→ **WHAT THE EXERCISE ASKS**: Set down the data below from its first line to the line holding "Оқушылар пікінен соң, мұғалім", inclusive; omit all pictures.

→ **PROVIDED DATA**:
━━━━━━

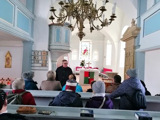 Während des kleinen Vortrages zu ihrer Geschichte in der Bischofrodaer Kirche
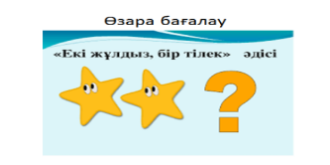 Оқушылар пікінен соң, мұғалім сабаққа жақсы қатысқан оқушыларды «Жарайсың», «Бүгін тамаша жұмыс жасады», «Талпындың» т.т. сөздермен марапаттайды. |
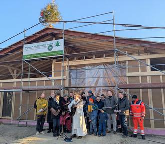 Bei einer kleinen Andacht anlässlich des Richtfestes spendeten Pfarrerin Anne Boelter und Pastorin Stephanie Ladwig gemeinsam den kirchlichen Segen für den Bau, den sie als Ort der Barmherzigkeit und Nächstenliebe bezeichneten.

━━━━━━

→ **RESPONSE**:
 Während des kleinen Vortrages zu ihrer Geschichte in der Bischofrodaer Kirche
 Оқушылар пікінен соң, мұғалім сабаққа жақсы қатысқан оқушыларды «Жарайсың», «Бүгін тамаша жұмыс жасады», «Талпындың» т.т. сөздермен марапаттайды. |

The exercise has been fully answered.